Material provided:
Segment Open
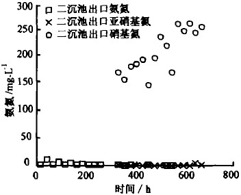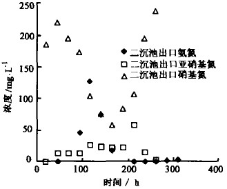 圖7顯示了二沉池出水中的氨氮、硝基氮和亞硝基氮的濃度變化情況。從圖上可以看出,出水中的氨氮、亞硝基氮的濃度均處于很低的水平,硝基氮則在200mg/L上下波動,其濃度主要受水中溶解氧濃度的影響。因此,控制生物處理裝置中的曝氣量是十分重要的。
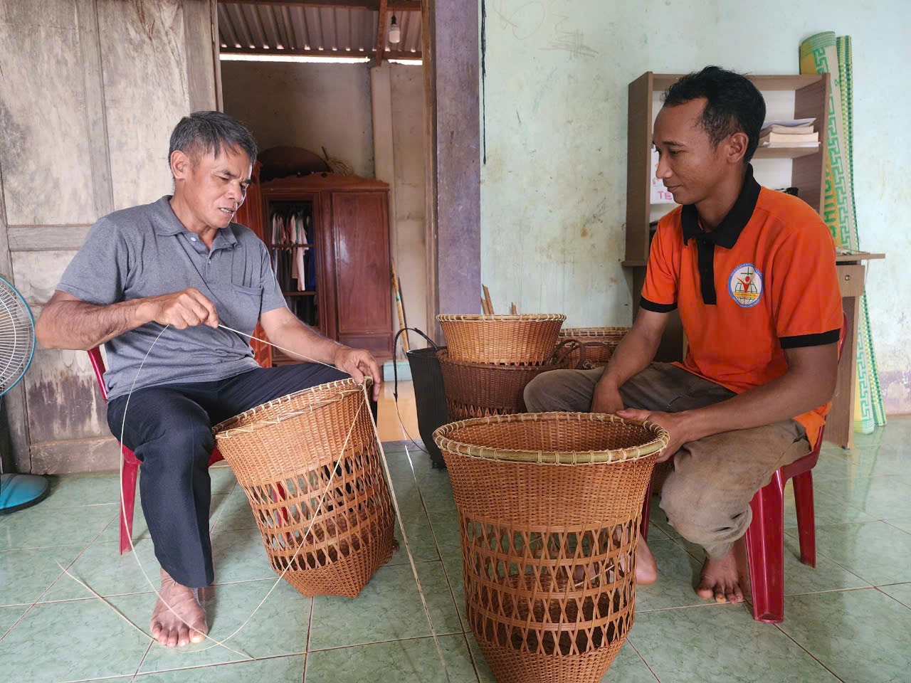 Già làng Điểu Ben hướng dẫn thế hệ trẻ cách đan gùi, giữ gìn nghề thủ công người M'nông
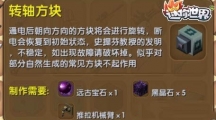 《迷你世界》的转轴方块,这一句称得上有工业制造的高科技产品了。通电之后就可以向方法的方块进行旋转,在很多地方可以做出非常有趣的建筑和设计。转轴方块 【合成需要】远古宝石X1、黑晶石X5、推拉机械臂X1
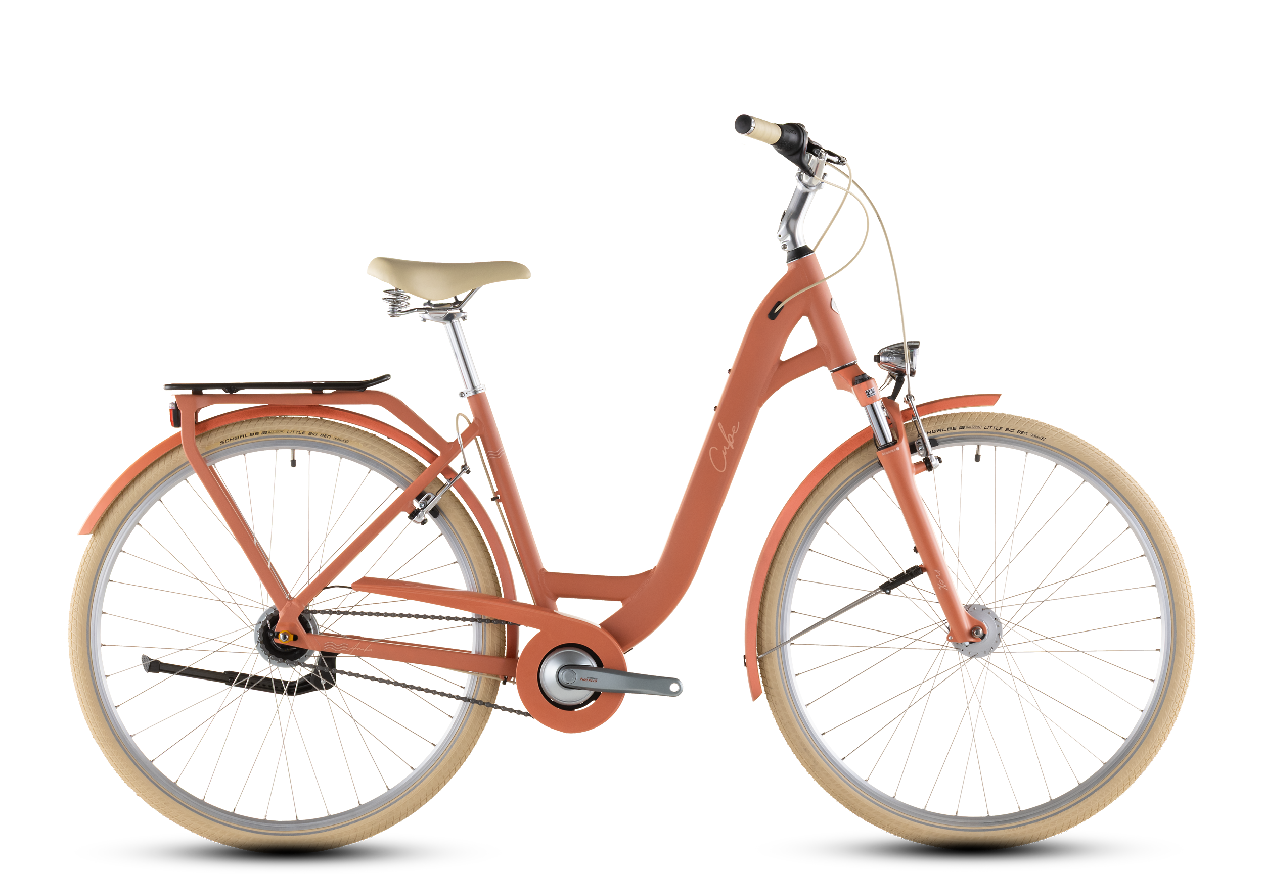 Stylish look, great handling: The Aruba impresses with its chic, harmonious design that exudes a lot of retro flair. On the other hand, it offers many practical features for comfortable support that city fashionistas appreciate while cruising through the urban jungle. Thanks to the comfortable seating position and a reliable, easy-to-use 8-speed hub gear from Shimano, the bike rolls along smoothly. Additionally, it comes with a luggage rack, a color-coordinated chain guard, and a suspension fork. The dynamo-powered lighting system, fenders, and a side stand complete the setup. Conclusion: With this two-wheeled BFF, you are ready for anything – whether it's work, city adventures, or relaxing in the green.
Segment Closed
Task instructions:
Keep the pictures out of your answer, which should be the lines from the one with "Già làng Điểu" through the final line of the data, copied exactly.

Problem solution:
 Già làng Điểu Ben hướng dẫn thế hệ trẻ cách đan gùi, giữ gìn nghề thủ công người M'nông
 《迷你世界》的转轴方块,这一句称得上有工业制造的高科技产品了。通电之后就可以向方法的方块进行旋转,在很多地方可以做出非常有趣的建筑和设计。转轴方块 【合成需要】远古宝石X1、黑晶石X5、推拉机械臂X1
 Stylish look, great handling: The Aruba impresses with its chic, harmonious design that exudes a lot of retro flair. On the other hand, it offers many practical features for comfortable support that city fashionistas appreciate while cruising through the urban jungle. Thanks to the comfortable seating position and a reliable, easy-to-use 8-speed hub gear from Shimano, the bike rolls along smoothly. Additionally, it comes with a luggage rack, a color-coordinated chain guard, and a suspension fork. The dynamo-powered lighting system, fenders, and a side stand complete the setup. Conclusion: With this two-wheeled BFF, you are ready for anything – whether it's work, city adventures, or relaxing in the green.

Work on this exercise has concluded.